African monkeys in Peru

But now the researchers have found fossil evidence that a third group of land mammals must have undertaken the dangerous journey across the Atlantic. The evidence for this is provided by four fossil teeth, some 23 to 34 million years old, which Seiffert and his team found on the banks of the Rio Yoruba on the border of Peru and Brazil. A closer analysis of the tooth characteristics showed that it was not a relic of a primeval New World monkey, but apparently a completely new type of primate. The paleontologists named it Ucayalipithecus perdita – Ucayali according to the area where it was found, pithecus is the ending used for primeval monkey species and perdita stands for “lost”. “The teeth of Ucayalipithecus are radically different from those of the Platyrrhini,” report Seiffert and his colleagues. Instead, the teeth were surprisingly similar to those of the Parapithecids, an extinct primate group that occurred in Egypt almost 50 to 25 million years ago.
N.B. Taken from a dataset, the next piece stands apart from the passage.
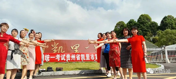 在凱里一中、凱里實(shí)驗(yàn)高級中學(xué)門口,這里的送考的家長們用不同的方式,表達(dá)對孩子的希望和祝福:有的家長準(zhǔn)備了高考加油的標(biāo)語,有的家長齊聲吶喊口號,有的家長穿上了旗袍,祝福考生“旗開得勝”。

But how did a member of these primeval monkeys known only from Africa come to South America? The paleontologists conclude from phylogenetic comparative analyzes that the immediate ancestors of Ucayalipithecus only separated from their African relatives around 35 million years ago. “This parapithecide provides us with the most convincing evidence of a phylogenetic connection between a fossil mammal from South America and an Afro-Arabian animal group,” say the researchers. Even though the location of the teeth today is far from the coast and around 4000 kilometers from the easternmost point of South America, the immediate ancestors of the Ucayalipithecus must have come directly from Africa to South America, they concluded.

On a raft of plant parts

But this means that the prehistoric monkeys must have crossed the Atlantic. “This is an absolutely unique discovery,” says Seiffert. “It shows that in addition to the new world monkeys and the guinea pig-like, this third lineage of mammals must somehow have made this incredible transatlantic journey.” The ancestors of the Ucayalipithecus would therefore only be the third group of mammals from which such a crossing of the Atlantic is known. On the basis of their data, the scientists suspect that the primates, about the size of a brush monkey, started this journey around 34 million years ago. At this time, at the transition from the Eocene to the Oligocene, the Antarctic ice sheet was just beginning to grow and sea levels were falling. As a result, the Atlantic, with a width of around 1,500 to 2,000 kilometers, was somewhat narrower than today – but still an enormous barrier for a land mammal.

The researchers suspect that the small prehistoric monkeys might have crossed the sea on a kind of raft made from plant parts. A storm might have torn the monkeys and the raft out to sea at that time. Favorable currents and winds could then have driven the involuntary seafarers to the coast of South America. The monkeys probably had to do without water and food for at least a few days. When they arrived in their new home, flexibility was again required: the newcomers were forced to get used to new food sources and a new environment. “This speaks for a high degree of flexibility in the behavior of these monkeys,” the scientists state.